So is Xenophobia a pathological fear of strangers or foreigners? Like agoraphobia or arachnophobia? The Mayo Clinic site has a listing for agoraphobia but not for arachnophobia or xenophobia. Perhaps agoraphobia is more disabling. Though with our world having more and more people, xenophobia might be terribly dangerous as well.

Current world population: https://www.worldometers.info/world-population/.

Number of people with Long Covid: at least 65,000,000, though the talk I attended yesterday say that’s a low estimate. Nearly one percent of the world population.

This article in Nature: https://www.nature.com/articles/s41579-022-00846-2 is about Long Covid, the research to date and the areas that need research. This is a very fast moving target with information exploding from multiple labs.

I attended an on line continuing medical education about Long Covid yesterday: https://hsc.unm.edu/echo/partner-portal/echos-initiatives/long-covid-fatiguing-illness-recovery/. This is a global monthly teaching session about Long Covid and current research and diagnosis and treatment. Yesterday’s talk was about immune cell abnormalities that persist and evidence is showing up that they are causing some of the problems. However, as one researcher said, the problems are multifactorial and any system in the body can be affected in more than one way.

Essentially some of the immune cells are puffy, sticky and enlarged. The suspicion is that the postexertional malaise is related to these puffy sticky cells. During exercise, or for some people normal activity, the muscles need more blood flow and more oxygen. The puffy sticky cells are stiff and won’t slide through capillaries easily. The muscles send a panic “I need oxygen!” message to the brain and the muscles do not work. The recovery can take a day or two days because of the food/oxygen deprivation. The researcher said that the same mechanism is suspected in ME-CFS (myalgic encephalopathy-chronic fatigue syndrome).

My muscles are feeling normal. My chronic fatigue is comparatively mild and happens with bad infections or with a vaccine that raises antibody levels, as it is supposed to. That’s how immunizations work. Do I have antibodies that shut down my muscles or do I have puffy cells? I would postulate the former but I can’t be sure right now. My home science kit is not quite up to that study.

When my fast twitch muscles are not working, are affected, it is very weird. They DO NOT WORK RIGHT. It is hard to describe: it is sort of pain, but it’s more of a very very strong STOP EXERCISING NOW message. And then I am exhausted for 1-2 days. In contrast, my muscles are a bit sore after a four mile beach walk 2 days ago and then an intense physical therapy session, but I am not exhausted. No naps the last two days. I have returned to my normal sleep patterns, less hours.

One of the researchers presented new technology that can make a movie of the microscopic cells going though a space with a narrowing like a capillary. Video electron microscopy.
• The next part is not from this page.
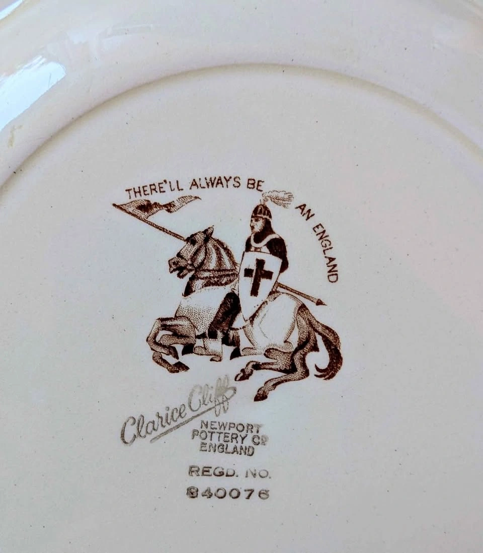 Vintage New Port Pottery England, Clarice Cliff Windsor Castle Plate, no. 840076. It is 11 " wide and in very good condition and has no chips or cracks. His famous, " There will always be an England" is inscribed on the back. North St Catharines pickup, cash only please

They are describing the cell shapes and whether they go through a capillary diameter normally or stick, for people with no Covid, diabetics, acute Covid and Long Covid. All are different. It is fascinating new technology.

I think I am more infection phobic than xenophobic. People all have the same basic blood cells inside, even with lots of different genetic patterns. So far infection phobia has not led me to agoraphobia, but the talk yesterday sure makes me want to keep my mask on.

There were over 350 attendees yesterday from all over the world. Lay people can sign up as well and the videos are stored for anyone to watch. I will watch yesterday’s a second time because five different scientists presented in 30 minutes and I ignored the chat which was going full speed with references to look up. Homework. And progress is being made.

Blessings.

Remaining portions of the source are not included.